Desde los ensayos democráticos de Solón en la antigua Grecia, con todo aquello de las exclusiones a mujeres, esclavos y extranjeros para la toma de decisiones relacionadas con el Estado, pasando por las monarquías parlamentarias que preservan residuos del feudalismo combinado con expresiones propias del capitalismo industrial, hasta la sociedad del conocimiento que ha relegado a los clásicos factores de la producción y que la caracteriza la virtualidad en tiempo real y acceso masivo a la información, la representación ha estado presente aún bajo eufemismos. 

Y es que, las leyes de la física que dominamos (porque conocemos poco de las cuánticas) nos muestran que dos cuerpo, por la impenetrabilidad, no pueden ocupar un mismo espacio, como lo explica Maximiliano Robespierre desde un juicio sociopolítico que describe un modelo de representación democrático como el que impulsaron los revolucionarios franceses, cuando aseguró que “la democracia es un estado en el que el pueblo soberano, regido por leyes que son obra suya, hace él mismo lo que puede hacer, por medio de delegados, todo lo que él mismo puede hacer”. 

De esta afirmación reflexiva se colige, que desde la democracia más primitiva, la ateniense, hasta la más incluyente y  participativa, derivada de los niveles de conciencia e información de los ciudadanos, la representación es una realidad que seguirá estando presente, ya sea desde las articulaciones políticas como instrumentos por excelencia para que la comunidad canalice su relación con el Estado, o desde otras instituciones, como organizaciones empresariales, laborales o de la sociedad civil, con menor legitimidad por no representar los intereses de la colectividad, sino de grupos o personas.

Es cierto que en el siglo XX se dio el salto hacia la masificación de los partidos, aparecidos en la centuria anterior con estructuras evacuadas desde una concepción elitista, sobre todo en las formaciones comunistas de la época que entendían que la selección natural produciría a los mejores hombres para la dirección de sus agrupaciones.
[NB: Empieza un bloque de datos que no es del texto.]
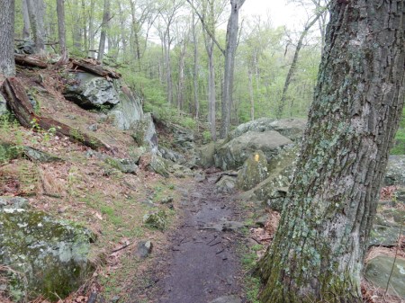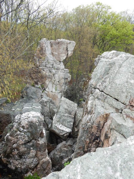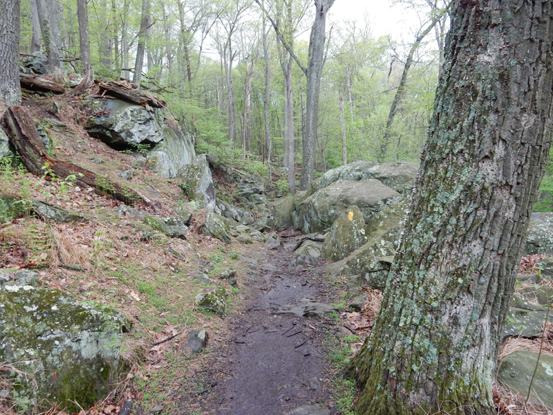 President Franklin D. Roosevelt choose Camp Hi-Catoctin as a retreat he called Shangri-La. President Dwight D. Eisenhower renamed it Camp David after his grandfather and grandson. Camp David is located within Catoctin Mountain Park and is not open to the public. In fact, the Park Central Road is not open when the President or dignitaries are at Camp David. In 1954, the park was divided by MD Rt 77. The north part remains part of the National Park System but the south part is now Cunningham Falls State Park. I put on my Gore-Tex and started on the Chimney Rock Trail near Park Headquarters in a light rain.

Pero esa masificación, que fue el resultado de las grandes concentraciones humanas, no ha podido generar una horizontalidad capaz de deshacer la ecuación atemporal de dirigentes y dirigidos que permiten una estructura organizacional escalonada, como resultado de la delegación, que facilite la división social o técnica del trabajo.

Antes de la aparición del Estado, en las sociedades primitivas donde no existía la propiedad privada sobre los medios de producción y por lo tanto no existían las clases sociales, imperaba un orden social que impedía el caos. Así, por ejemplo, las gens, aquellas pequeñas unidades sociales, eran dirigidas por ancianos electos por un consejo de adultos compuesto por hombres y mujeres; es decir, delegaban en alguien que los dirigiera. A medida que fueron mejorando los procesos productivos, esta comunidad gentilicia fue desapareciendo y con ello se fue marcando una estructura social más compleja que respondía a los avances tecnológicos.

Es decir, que en la medida en que las sociedades han ido avanzando en su desarrollo, han diseñado estructuras sociales más especializadas, en las que cada individuo, o grupo de éstos, juega un papel específico de aporte a sus comunidades con categorías que impiden la horizontalidad jerárquica; cuestión que, como hemos visto, ocurre independientemente del modelo de producción. Así las cosas, yendo desde los partidos hasta el conjunto de la sociedad, queda claro que el carácter incluyente no elimina la jerarquización, y ésta no impide la democracia horizontal.